### [Dataset content]
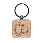Pair of Lovebirds Anniversary Valentine's Day Engraved Wood Square Keychain
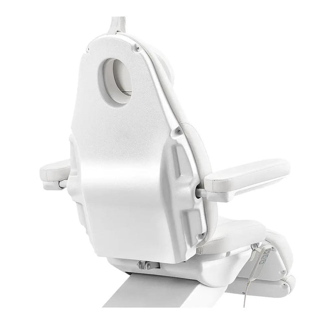 Nakkestøtten på Bellucci Electrical Facial Bed har et åndehul, der giver øget komfort og bekvemmelighed under procedurer, der kræver, at kunden ligger med ansigtet nedad. Denne funktion sikrer, at kunden kan trække vejret komfortabelt under behandlingen, hvilket forhindrer ubehag eller klaustrofobi.
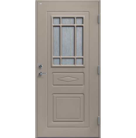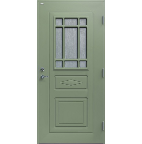 Diplomatdörrar har personsäkert treglas i alla glasade ytterdörrar. 3 st gångjärn med bakkantsäkring, låshus Assa 2002 med hakregelkolv och borta säker funktion där du kan aktivera dörren så den endast kan öppnas med nyckel även från insidan. Detta förhindrar t.ex. att glaset kan krossas och dörren öppnas med vred från insidan.

### [Your goal]
Would you output the full listing exactly as it stands, minus the images?

### [Problem solution]
Pair of Lovebirds Anniversary Valentine's Day Engraved Wood Square Keychain
 Nakkestøtten på Bellucci Electrical Facial Bed har et åndehul, der giver øget komfort og bekvemmelighed under procedurer, der kræver, at kunden ligger med ansigtet nedad. Denne funktion sikrer, at kunden kan trække vejret komfortabelt under behandlingen, hvilket forhindrer ubehag eller klaustrofobi.
 Diplomatdörrar har personsäkert treglas i alla glasade ytterdörrar. 3 st gångjärn med bakkantsäkring, låshus Assa 2002 med hakregelkolv och borta säker funktion där du kan aktivera dörren så den endast kan öppnas med nyckel även från insidan. Detta förhindrar t.ex. att glaset kan krossas och dörren öppnas med vred från insidan.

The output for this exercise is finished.